C'è un momento preciso in cui capisci che il tuo viaggio in Egitto è cominciato davvero: è quando scendi dall'aereo, ti togli il cappotto e i tuoi figli ti guardano stupiti, perché fuori c'è il sole e in Italia l'avevate lasciato sotto la pioggia. Da quel secondo in poi, per loro, tutto diventa avventura.
Le vacanze natalizie in Egitto hanno una qualità rara: sembrano costruite apposta per i bambini. Ci sono spazi immensi da attraversare correndo, animali da cavalcare, storie di faraoni più avvincenti di qualsiasi cartone animato, una nave che si muove sul fiume mentre loro dormono. Non è un viaggio da adulti in cui i piccoli si adattano. È il contrario.
Il clima di dicembre: la magia comincia da qui
La prima cosa che conquista tutta la famiglia è l'aria.

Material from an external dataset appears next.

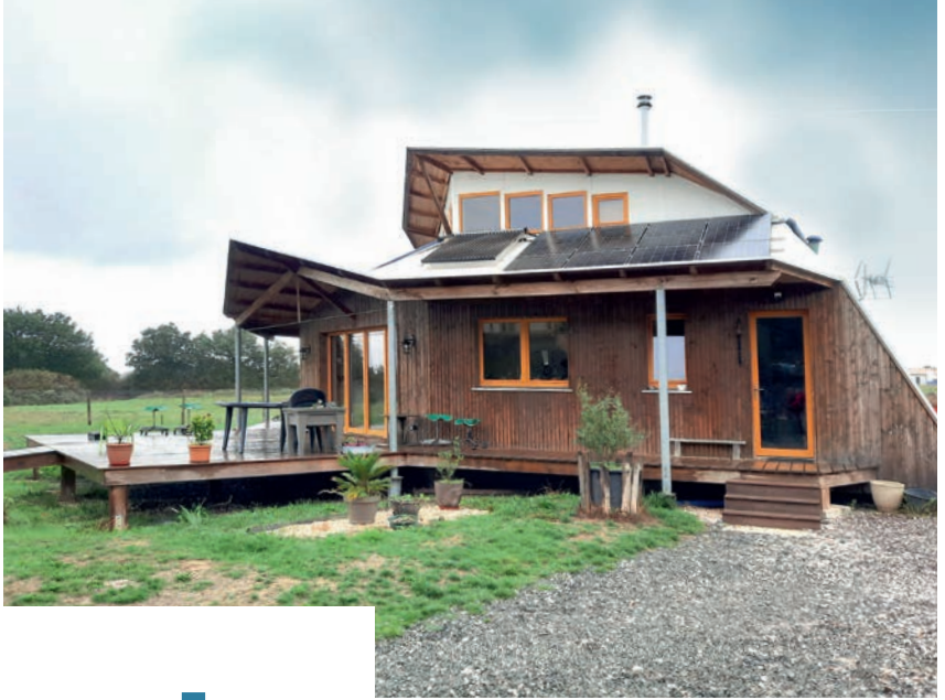
Maison autonome, La Chapelle-Palluau

Le giornate sono luminose, il sole scalda senza mai stancare e il cielo resta di un azzurro pieno dalla mattina alla sera.
È questa la ragione per cui un tour Egitto in inverno funziona così bene con i bambini: possono camminare, fermarsi, correre e ripartire senza quella stanchezza che nei mesi caldi arriva subito. Le ore all'aperto scorrono leggere, e non c'è mai la fretta di cercare un'ombra.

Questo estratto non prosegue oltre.